[SUPPLIED INFORMATION Boundary: Start]

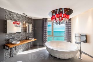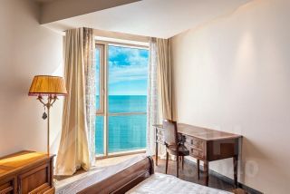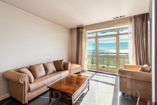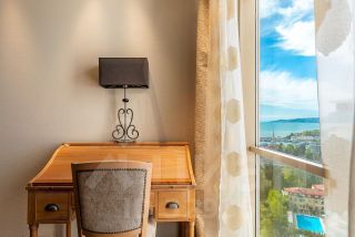 Квартира площадью 75м² находится на высоком этаже и открывает захватывающие панорамные виды на море из всех окон.
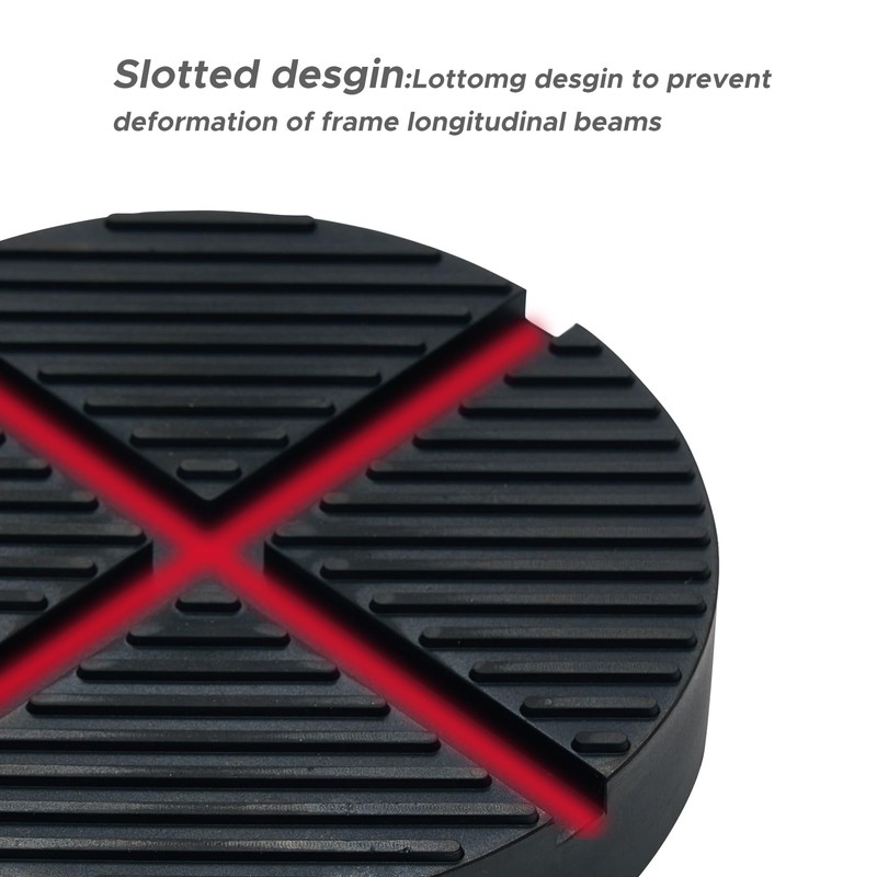 - Vehicle - Friendly Protection and Warranty:Functioning as a jack support cushioning pressure pad, it safeguards your car's undercarriage metal jack point railing. The soft rubber surface won't scratch painted or coated chassis parts. Additionally, we offer a satisfaction warranty. If you're not satisfied, simply contact us for help. Just a small note: as it's newly factory - produced with heavy - duty rubber, it may have a slight rubber smell. We recommend placing it in a well - ventilated area for a while.
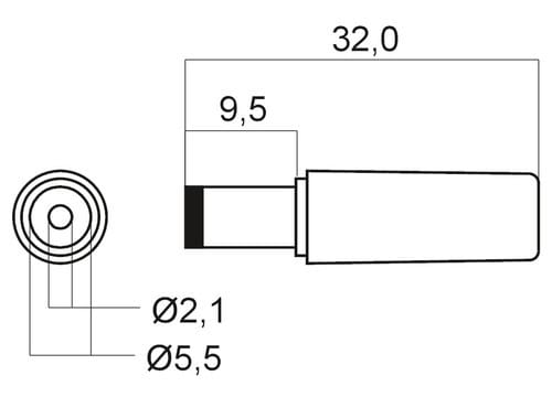 ** Caratteristiche Generali ** Genere: Spina Colore: Nero Orientamento: Dritto ** Caratteristiche Meccaniche ** Materiale Corpo: Bachelite Materiale Contatto: Ottone nichelato Tipo contatto: a saldare Diametro Esterno: 5.5mm Diametro Interno: 2.1mm Lunghezza Contatto: 9.5mm
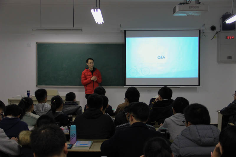 周康以几个问题展开讨论——你真的热爱编程吗?如何学习编程技术?该学习哪种编程技术?怎么找工作?针对这些问题,周康一一为在场同学进行剖析,以一个过来人的身份为同学们指明方向。随后,交流会进入高潮,同学们开始自由提问。在座的同学中不乏一些热爱编程的同学,他们向周康提问了很多技术方面的问题,周康都详细作了解答,问答部分大约进行了一个小时,同学们十分积极、热情高涨。
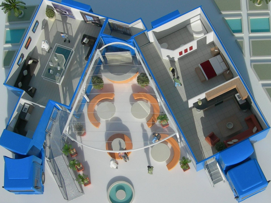 Mobile Exhibition Venue With the aim of marketing his mobile exhibition venues abroad, the client needed a compact model he could take on the plane rather than entrusting it to the baggage handlers of the world's airports. This was our solution. From an initial concept sketch, we designed and built the model in just 6 working days, incorporating removable roofs, interchangeable floor layouts and a Perspex cover. The whole thing measured just 350 x 290mm and fitted into a small padded suitcase that complied with on-flight hand luggage restrictions.

[SUPPLIED INFORMATION Boundary: End]

• [EXERCISE DESCRIPTION]
Retype, exactly and only, the lines from the one containing "Lunghezza Contatto: 9.5mm" through the end of the entries, both ends included, and omit all pictures.

• [RESULT OF THIS TASK]
 ** Caratteristiche Generali ** Genere: Spina Colore: Nero Orientamento: Dritto ** Caratteristiche Meccaniche ** Materiale Corpo: Bachelite Materiale Contatto: Ottone nichelato Tipo contatto: a saldare Diametro Esterno: 5.5mm Diametro Interno: 2.1mm Lunghezza Contatto: 9.5mm
 周康以几个问题展开讨论——你真的热爱编程吗?如何学习编程技术?该学习哪种编程技术?怎么找工作?针对这些问题,周康一一为在场同学进行剖析,以一个过来人的身份为同学们指明方向。随后,交流会进入高潮,同学们开始自由提问。在座的同学中不乏一些热爱编程的同学,他们向周康提问了很多技术方面的问题,周康都详细作了解答,问答部分大约进行了一个小时,同学们十分积极、热情高涨。
 Mobile Exhibition Venue With the aim of marketing his mobile exhibition venues abroad, the client needed a compact model he could take on the plane rather than entrusting it to the baggage handlers of the world's airports. This was our solution. From an initial concept sketch, we designed and built the model in just 6 working days, incorporating removable roofs, interchangeable floor layouts and a Perspex cover. The whole thing measured just 350 x 290mm and fitted into a small padded suitcase that complied with on-flight hand luggage restrictions.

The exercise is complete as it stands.